I would like the lines below, from the one with "MOSCOW, Aug. 14" through the one with "The lightweight, easy-to-maneuver", copied exactly and without any pictures.

##### Information given

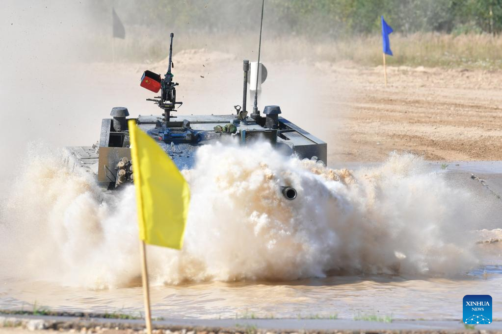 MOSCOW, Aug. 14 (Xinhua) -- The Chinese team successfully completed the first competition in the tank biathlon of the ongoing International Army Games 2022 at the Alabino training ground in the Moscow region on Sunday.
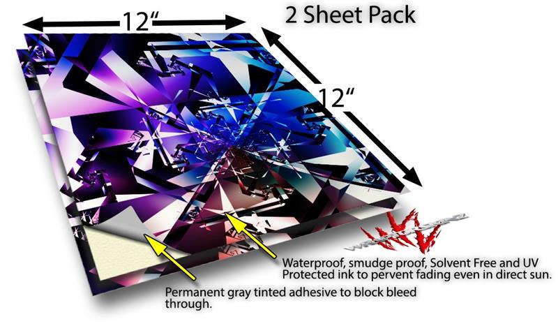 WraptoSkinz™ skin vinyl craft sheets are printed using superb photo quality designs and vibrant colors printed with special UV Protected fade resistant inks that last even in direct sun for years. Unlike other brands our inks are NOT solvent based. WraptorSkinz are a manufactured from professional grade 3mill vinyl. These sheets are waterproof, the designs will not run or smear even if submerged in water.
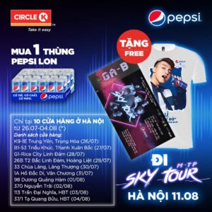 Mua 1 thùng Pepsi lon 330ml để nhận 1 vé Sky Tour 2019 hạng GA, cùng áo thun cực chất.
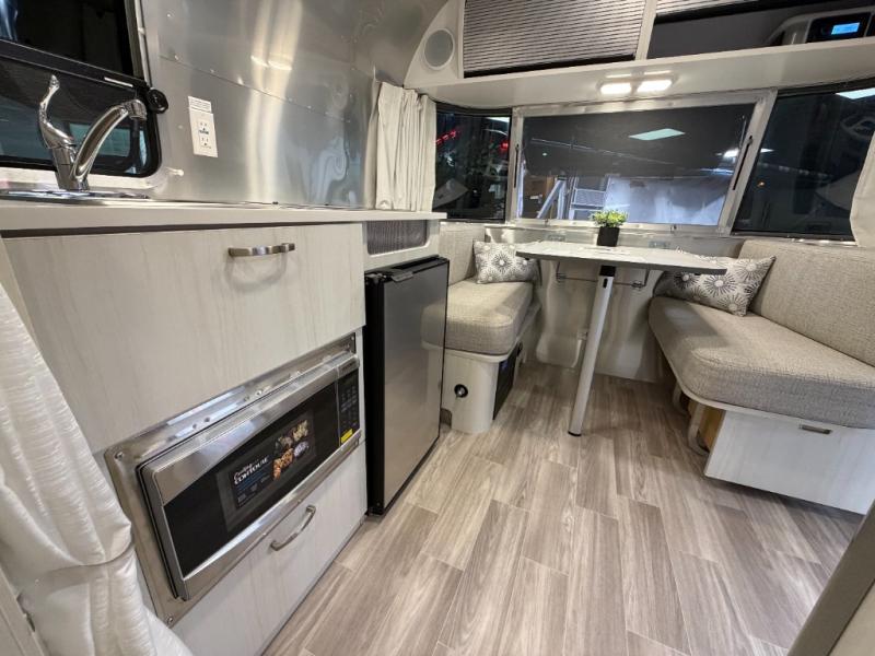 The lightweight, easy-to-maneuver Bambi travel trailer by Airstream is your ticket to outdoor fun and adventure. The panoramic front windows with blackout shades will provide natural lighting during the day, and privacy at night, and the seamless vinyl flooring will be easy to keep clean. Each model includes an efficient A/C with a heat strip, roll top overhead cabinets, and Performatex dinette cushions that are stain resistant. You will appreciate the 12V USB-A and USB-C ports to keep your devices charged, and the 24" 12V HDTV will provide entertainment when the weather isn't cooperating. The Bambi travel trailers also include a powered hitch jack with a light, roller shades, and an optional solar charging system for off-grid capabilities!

##########
##### Information given

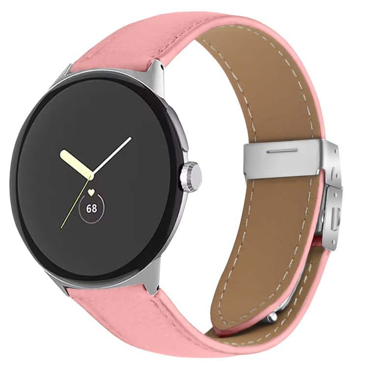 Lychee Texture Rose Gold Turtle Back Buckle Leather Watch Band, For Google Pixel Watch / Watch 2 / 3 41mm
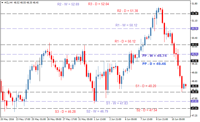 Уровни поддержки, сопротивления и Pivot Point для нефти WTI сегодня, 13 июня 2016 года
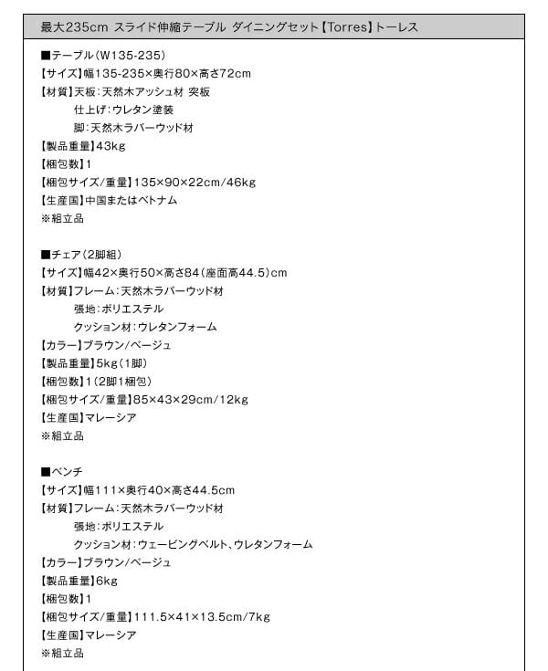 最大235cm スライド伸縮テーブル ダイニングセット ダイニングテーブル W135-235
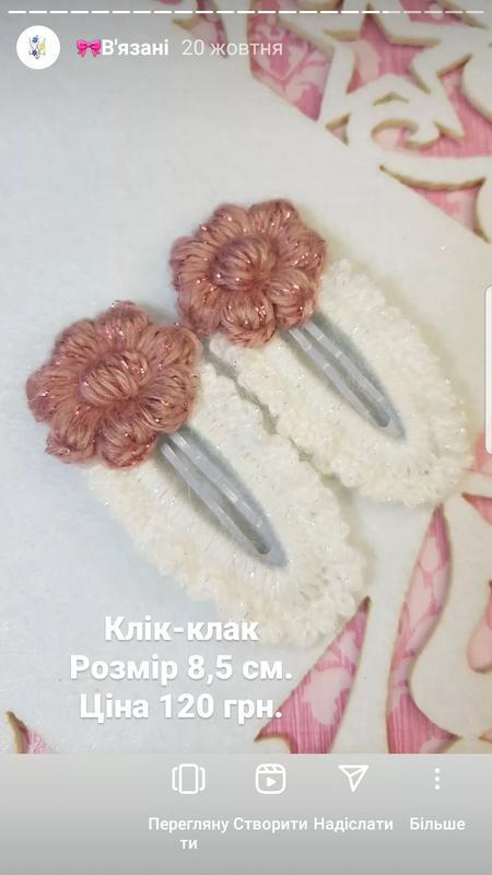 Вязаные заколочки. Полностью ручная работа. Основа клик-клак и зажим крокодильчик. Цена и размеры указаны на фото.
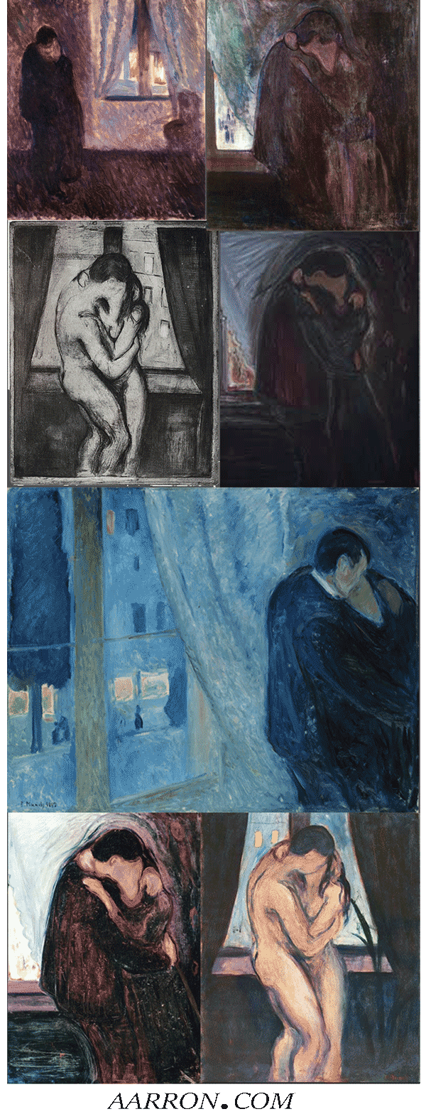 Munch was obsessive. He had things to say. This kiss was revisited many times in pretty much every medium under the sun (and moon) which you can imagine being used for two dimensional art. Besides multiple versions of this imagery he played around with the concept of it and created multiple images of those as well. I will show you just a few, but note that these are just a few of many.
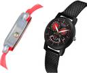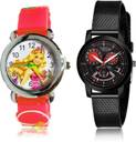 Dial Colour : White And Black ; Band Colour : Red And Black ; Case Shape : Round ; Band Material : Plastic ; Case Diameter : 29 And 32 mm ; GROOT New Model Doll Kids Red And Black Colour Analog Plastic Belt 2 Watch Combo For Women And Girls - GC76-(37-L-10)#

##########

Response area =
 MOSCOW, Aug. 14 (Xinhua) -- The Chinese team successfully completed the first competition in the tank biathlon of the ongoing International Army Games 2022 at the Alabino training ground in the Moscow region on Sunday.
 WraptoSkinz™ skin vinyl craft sheets are printed using superb photo quality designs and vibrant colors printed with special UV Protected fade resistant inks that last even in direct sun for years. Unlike other brands our inks are NOT solvent based. WraptorSkinz are a manufactured from professional grade 3mill vinyl. These sheets are waterproof, the designs will not run or smear even if submerged in water.
 Mua 1 thùng Pepsi lon 330ml để nhận 1 vé Sky Tour 2019 hạng GA, cùng áo thun cực chất.
 The lightweight, easy-to-maneuver Bambi travel trailer by Airstream is your ticket to outdoor fun and adventure. The panoramic front windows with blackout shades will provide natural lighting during the day, and privacy at night, and the seamless vinyl flooring will be easy to keep clean. Each model includes an efficient A/C with a heat strip, roll top overhead cabinets, and Performatex dinette cushions that are stain resistant. You will appreciate the 12V USB-A and USB-C ports to keep your devices charged, and the 24" 12V HDTV will provide entertainment when the weather isn't cooperating. The Bambi travel trailers also include a powered hitch jack with a light, roller shades, and an optional solar charging system for off-grid capabilities!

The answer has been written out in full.